FAQ(frequently asked questions)
===============================

EnterSafe:
================

1. What's the meaning of "EnterSafe" ?
   The EnterSafe is ePass product of (N)ext (G)eneration. it is a framework, ePass1000, ePass2000 and the other tokens from Feitian (or other companies) can all be used within this framework.

2. What's the length of RAS key pair supported by the EnterSafe?
   ePass2000_FT11 token, it supports 512~1024 bits key length.
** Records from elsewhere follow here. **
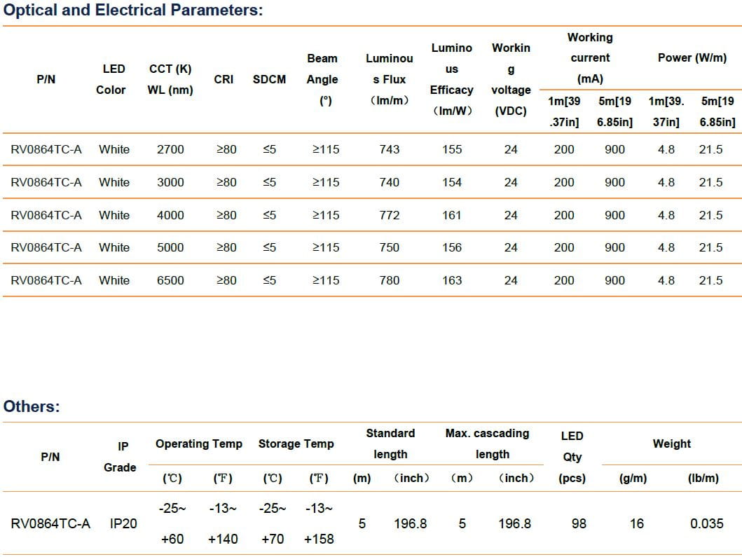 Taśma LED 24V IP20 Ciepła Biała 2700K 64LED 4,8W RV0864TC-A RISHANG gwarancja 5 lat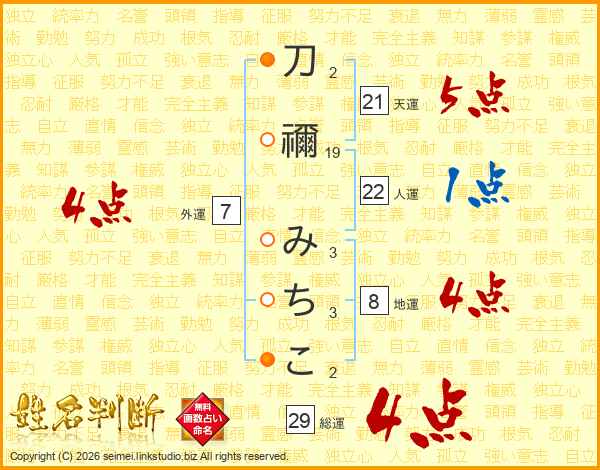 刀禰みちこさんの総運は29画の4点!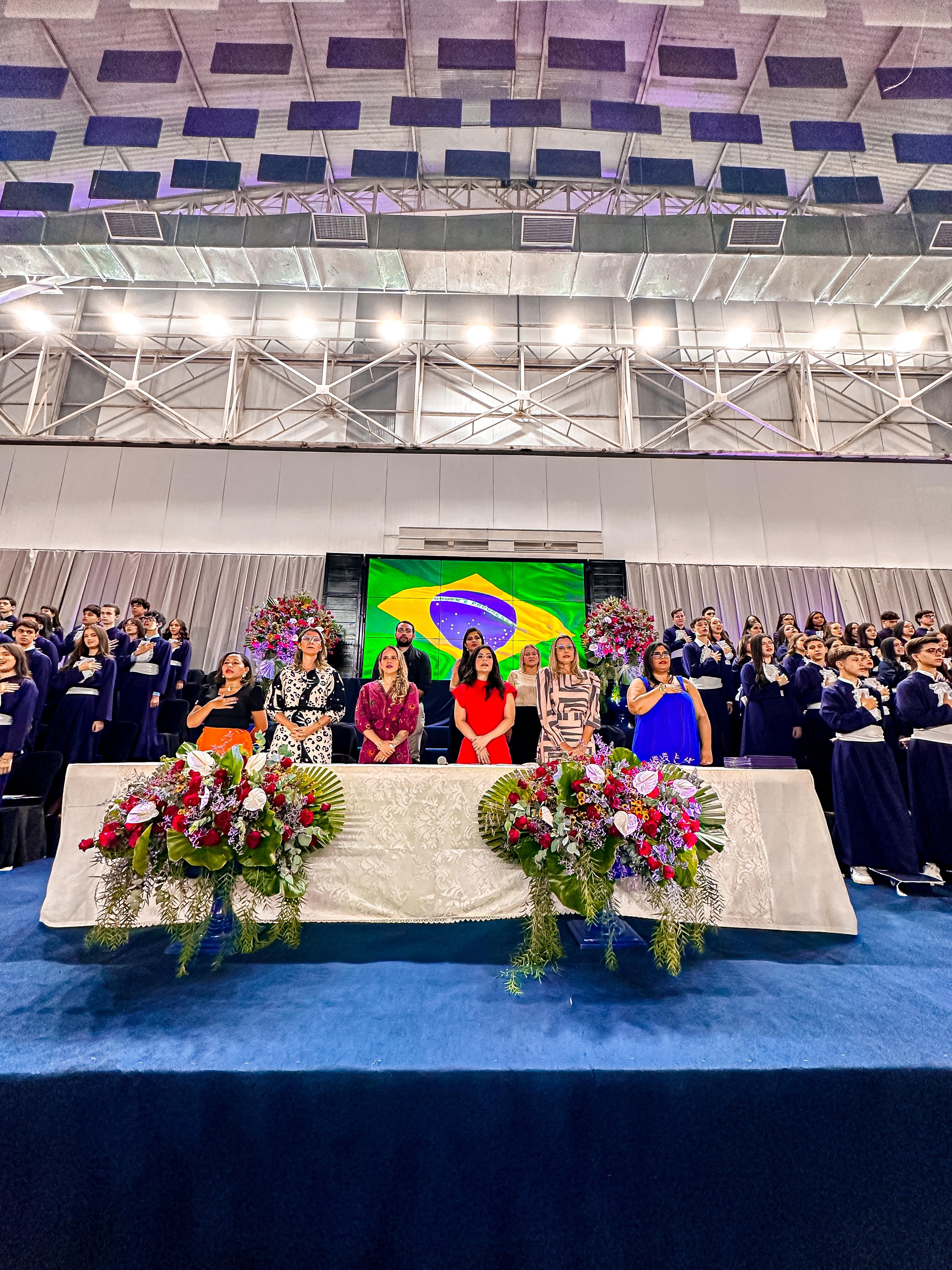 A diretora Marcela Rangel deu início aos discursos com palavras de encorajamento e gratidão, destacando a importância dessa etapa e os sonhos que guiarão os jovens formandos. Em seguida, as alunas oradoras compartilharam emocionantes relatos sobre os momentos vividos e o impacto de suas experiências escolares.

3. How to initialize the ePass token under linux environment?
   We will provide the release version of "token manager tool" in the future, but now it is beta version. 
   To initialize the token, You can use the tools under windows, this is compatible, or you can write a simple PKCS#11 program to call the function -- C_InitToken && C_SetPin. Our PKCS#11 lib's name is -- "libepsng_p11.so" (Be sure that nsglotd is running).
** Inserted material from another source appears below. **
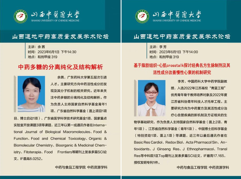 6月1日,中国药科大学李芳副教授、广东药科大学余茜副教授于和剂书院甲座319教室,为pg国际师生作了题为《基于脂肪组织-心肌crosstalk探讨经典名方生脉制剂及其活性成分改善慢性心衰的机制研究》《中药多糖的分离纯化及结构解析》的学术讲座。讲座由pg国际电子网站副院长杜晨晖教授主持,学院教师、硕士研究生共80余人聆听了报告。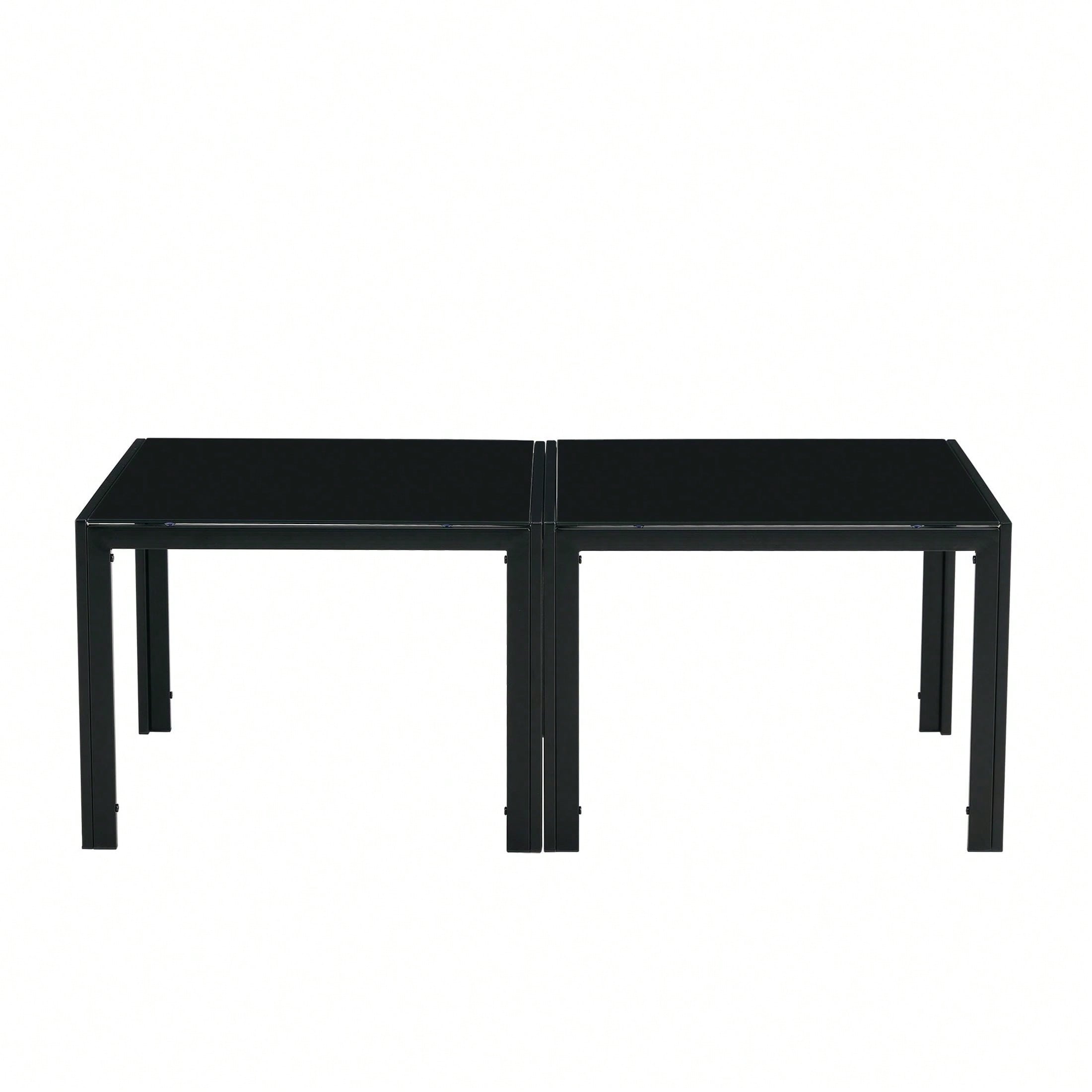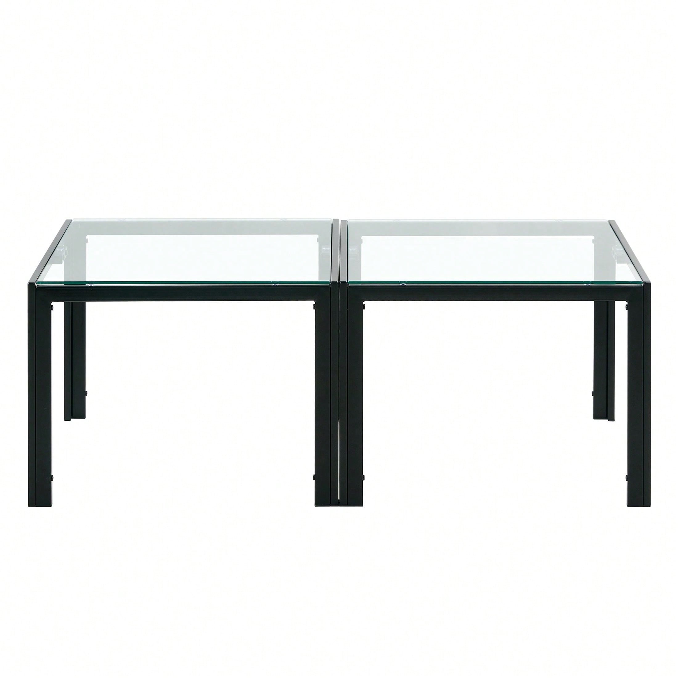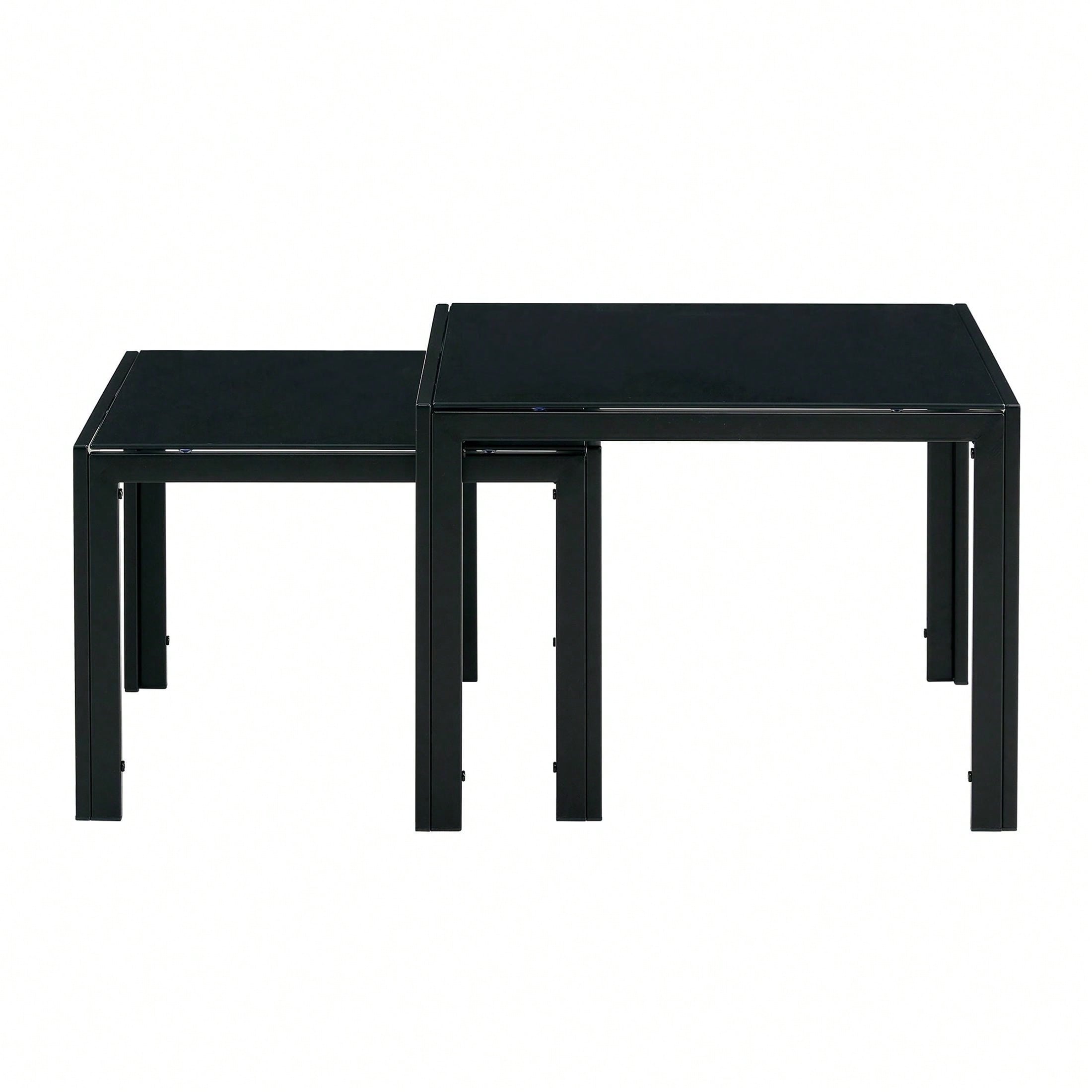 Nesting Coffee Table Set Of 2, Square Modern Stacking Table With Tempered Glass Finish For Living Room

4. What does the name of package "EnterSafe-ZZZZ-XXXX-YYYY" mean?
   "EnterSafe" means ePass product package for NG framework.
   "XXXX" means the version of this package, for example, 1.2b means version 1.2 Beta(This is only for test purpose) and 1.4.0 means release version of 1.4.0.
   "ZZZZ" perhaps is ePass2000(only for ePass2000), ePass1000(only for ePass1000), pboc(only for PBOC token), ePass(only for ePass1000 and ePass2000), full(can be used with ePass1000, ePass2000, and the other known token from Feitian).
   "YYYY" support platform,perhaps is rh8(only for redhat 8),fc2(only for edora Core release 2),deb3.1(only for Debian 3.1).

5. How to uninstall the EnterSafe?
   If you install the EnterSafe with RPM format, it is very simple to uninstall it, just use "rpm -e EnterSafe-ZZZZ".
   If you install it with tarball format, then you can execute the "/usr/local/ngsrv/0CA6344C-3939-4C65-8491-0413E9205810_FT11/uninstall".
   
ngslotd:
======================

1. Can the ngslotd start automaticly when my PC start?
   As our expectation, the ngslotd will start with your machine starting,or you can input the command : '/etc/init.d/ngslotd start' to start it.
   To check the ngslotd, input the command : 'ps ax | grep ngslotd'.
   To kill(stop) ngslotd, input the command: 'kill (PID)' or 'killall ngslotd', here (PID) is the process ID of ngslotd.
   If ngslotd is not running when you start your PC, start them according to Step 3 of <Basic Installations>.

2. When should I reboot my machine?
   After installation (reinstallation) of this package, or some errors has been occured(such as the mozilla application stops with no response), you are recommended to reboot your machine.

3. How many tokens can be attached at the same time?
   Now permission 2 tokens can be attached at the same time.